Simple Linear Regression: Step 2
(For the PPT of this lecture Click Here)
As we said in the last tutorial on simple linear regression intuition, the simple regression line in a nutshell is a trend line that best fits your data. We said that in this tutorial we will be discussing what that really means.
It’s quite a brief tutorial.
Are you ready?
The “Best Fitting” Line
So, how does the simple linear regression equation help you find that “best fitting” line we’re talking about?
Let’s take another look at the salary-experience example from the last tutorial.

As you can see, we have the observation data plotted all over the graph, as well as the simple regression line running through its points.
Now, let’s pick a random point and examine it more closely.


Here we have the salary of someone with x years of experience. The straight line represents where that person’s salary should be according to our simple linear regression model, whereas the red point is what that person is actually earning.
Typically, these two corresponding points are named as shown in this figure below.
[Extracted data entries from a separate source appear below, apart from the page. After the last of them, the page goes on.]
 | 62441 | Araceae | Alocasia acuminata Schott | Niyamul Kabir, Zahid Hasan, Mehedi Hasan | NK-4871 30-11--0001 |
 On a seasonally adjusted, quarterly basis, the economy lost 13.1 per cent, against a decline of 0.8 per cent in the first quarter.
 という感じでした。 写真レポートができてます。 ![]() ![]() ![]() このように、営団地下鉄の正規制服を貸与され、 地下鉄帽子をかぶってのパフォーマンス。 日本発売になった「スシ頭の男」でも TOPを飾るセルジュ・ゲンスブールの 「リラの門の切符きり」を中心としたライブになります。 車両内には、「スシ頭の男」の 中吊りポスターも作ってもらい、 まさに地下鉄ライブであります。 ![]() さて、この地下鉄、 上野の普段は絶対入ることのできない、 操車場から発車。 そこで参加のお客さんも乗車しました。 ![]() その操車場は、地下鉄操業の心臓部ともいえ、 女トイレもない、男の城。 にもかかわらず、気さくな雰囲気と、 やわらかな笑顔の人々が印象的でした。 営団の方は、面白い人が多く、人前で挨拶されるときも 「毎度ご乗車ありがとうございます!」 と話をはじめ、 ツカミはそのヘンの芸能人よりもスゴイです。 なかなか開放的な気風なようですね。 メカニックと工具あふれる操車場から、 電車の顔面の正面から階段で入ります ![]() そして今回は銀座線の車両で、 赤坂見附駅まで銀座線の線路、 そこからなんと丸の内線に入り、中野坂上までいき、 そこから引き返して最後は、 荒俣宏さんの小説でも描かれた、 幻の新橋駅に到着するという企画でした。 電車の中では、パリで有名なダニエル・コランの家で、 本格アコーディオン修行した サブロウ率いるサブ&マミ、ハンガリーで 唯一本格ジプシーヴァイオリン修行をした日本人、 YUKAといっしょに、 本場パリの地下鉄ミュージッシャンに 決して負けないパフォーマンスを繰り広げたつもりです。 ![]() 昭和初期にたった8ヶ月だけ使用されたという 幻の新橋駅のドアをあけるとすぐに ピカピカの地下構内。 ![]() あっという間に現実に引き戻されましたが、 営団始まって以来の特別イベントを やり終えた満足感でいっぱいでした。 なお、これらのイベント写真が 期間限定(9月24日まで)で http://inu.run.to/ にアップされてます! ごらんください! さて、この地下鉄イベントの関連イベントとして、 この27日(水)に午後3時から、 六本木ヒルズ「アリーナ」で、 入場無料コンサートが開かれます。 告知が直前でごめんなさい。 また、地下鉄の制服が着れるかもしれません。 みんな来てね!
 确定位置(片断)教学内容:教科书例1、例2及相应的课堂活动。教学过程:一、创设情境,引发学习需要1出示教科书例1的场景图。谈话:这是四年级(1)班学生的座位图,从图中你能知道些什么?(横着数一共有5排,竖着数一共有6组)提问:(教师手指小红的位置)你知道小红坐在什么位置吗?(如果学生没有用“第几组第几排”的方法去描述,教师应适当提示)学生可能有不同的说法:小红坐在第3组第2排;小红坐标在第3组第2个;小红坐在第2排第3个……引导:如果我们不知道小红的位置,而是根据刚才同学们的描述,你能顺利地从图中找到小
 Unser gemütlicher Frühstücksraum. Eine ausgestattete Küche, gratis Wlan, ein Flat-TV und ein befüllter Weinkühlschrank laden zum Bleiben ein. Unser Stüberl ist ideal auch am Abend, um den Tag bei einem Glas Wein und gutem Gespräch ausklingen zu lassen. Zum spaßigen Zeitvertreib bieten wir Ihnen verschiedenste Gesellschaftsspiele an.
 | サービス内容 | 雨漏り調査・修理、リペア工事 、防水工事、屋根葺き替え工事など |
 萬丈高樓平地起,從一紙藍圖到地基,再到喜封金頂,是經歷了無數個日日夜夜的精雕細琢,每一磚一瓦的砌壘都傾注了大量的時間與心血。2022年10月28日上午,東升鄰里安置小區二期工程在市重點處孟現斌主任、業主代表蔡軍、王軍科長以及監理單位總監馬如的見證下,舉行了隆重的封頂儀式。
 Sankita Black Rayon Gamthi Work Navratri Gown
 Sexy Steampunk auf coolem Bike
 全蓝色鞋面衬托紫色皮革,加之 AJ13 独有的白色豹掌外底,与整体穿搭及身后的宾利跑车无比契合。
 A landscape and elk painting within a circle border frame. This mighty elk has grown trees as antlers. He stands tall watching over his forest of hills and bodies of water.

The difference between the two is the gap between our observation and our model.
What you do with these points is measure the green line connecting them together. That is the value of the gap. You do the same with each two corresponding points on the graph, square them, and then, finally, sum them up.
After calculating the sum, you then find the minimum value.

The Wrap-Up
So, what the simple linear regression process does is help us draw all of the possible lines using a set of data, and then by calculating the sum of their squares with every single line and recording it, it is able to detect the minimum sum of squares.
The line with the minimum sum of squares possible is the best fitting line.